Additionally, the February 3, 2019 affidavit fails to comply with any method of service of papers permitted under CPLR 2103 [c]. That provision states that "mailing" means "the deposit of a paper enclosed in a. first class postpaid wrapper[.]" Here, Plaintiff sent the motion papers via Priority Mail Express International. (See SeaCube Containers LLC v Compass Containers & Shipping Services Ltda., 427 F.Supp. 3d 497, 500 [SD NY 2019].)
2. Proof
While a defendant in default is deemed to have admitted all traversable allegations in the complaint (see Woodson v Mendon Leasing Corp., 100 N.Y.2d 62, 70 [2003]; Browny Rosedale Nurseries, Inc., 259 A.D.2d 256 [1st Dept 1999]), "CPLR § 3215 does not contemplate that default judgments are to be rubberstamped once jurisdiction and a failure to appear has been shown. Some proof of liability is also required to satisfy the court as to the prima facie validity of the uncontested cause of action." (Feffer v Malpeso, 210 A.D.2d 60, 60 [1st Dept 1994].) As such, a movant must submit an affidavit of the facts that does more than just make conclusory allegations (Peacock v Kalikow, 239 A.D.2d 188, 190 [1st Dept 1997]), it must state sufficient factual allegations to enable the Court to determine that a viable cause of action exists (Woodson, supra at 70-72).(Hall v Holland Contracting Corp., 2011 WL 11061091, at *1 [Sup Ct, Bronx County 2011].) "Proof that the plaintiff has submitted 'enough facts to enable [the] court to determine that a viable' cause of action exists may be established by an affidavit of a party or someone with knowledge, authenticated documentary proof, or by complaint verified by the plaintiff that sufficiently details the facts and the basis for the defendant's liability." (Perney v Medical One New York, P. C., 2020 WL 4604812, at *4 [Sup Ct, NY County 2020] [internal citations omitted].)
Plaintiff fails to state sufficient factual allegations to enable the court to determine whether a viable cause of action exists.
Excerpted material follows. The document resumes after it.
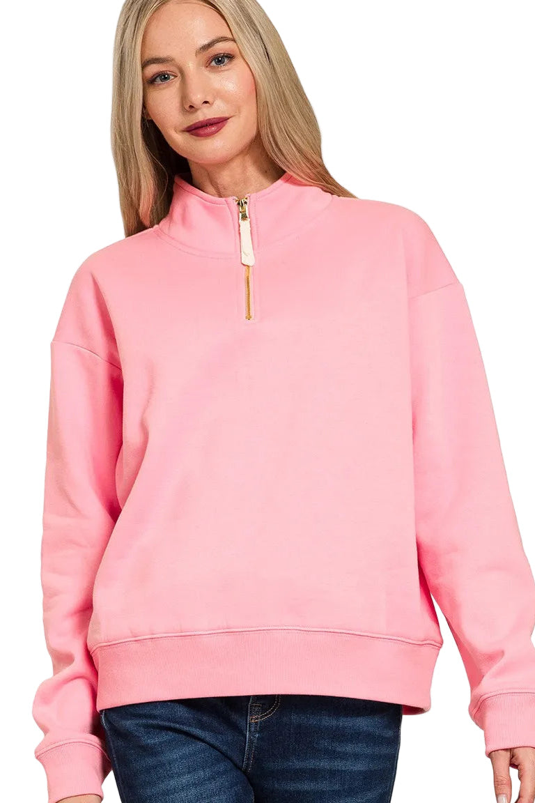 Wrap yourself in the tender embrace of the Zenana Fleece Half Zip Sweatshirt, where comfort meets elegance. This enchanting piece, crafted from soft fleece, whispers warmth against your skin, inviting you to indulge in cozy moments.

Plaintiffs claim that it is entitled to the reimbursement of $126,548.10, the remaining collateral submitted in connection with a performance bond, is premised upon an undated, unsigned document which reads in its entirety as follows:
To whom it may concern.
Our Company industrial Equipment Maintenance of SONELGAZ group, placed an order with Turbo Dynamics Corporation in 2010 covering the hot section parts for the Mitsubishi power plants. TDC has completed this order in a timely manner to our best satisfaction with high quality of service.(NYSCEF Doc No. 98.)
Plaintiff has failed to provide "[s]ome proof of liability" to satisfy the court as to the prima facie validity of the uncontested cause of action." (Feffer v Malpeso, 210 A.D.2d 60, 60 [1st Dept 1994], ) and is therefore, not entitled to the relief it seeks. Plaintiffs moving papers fail to allege any other basis for relief. As such, it is hereby
ORDERED that Plaintiffs motion sequence 005 for default judgment against Defendant MEI is denied.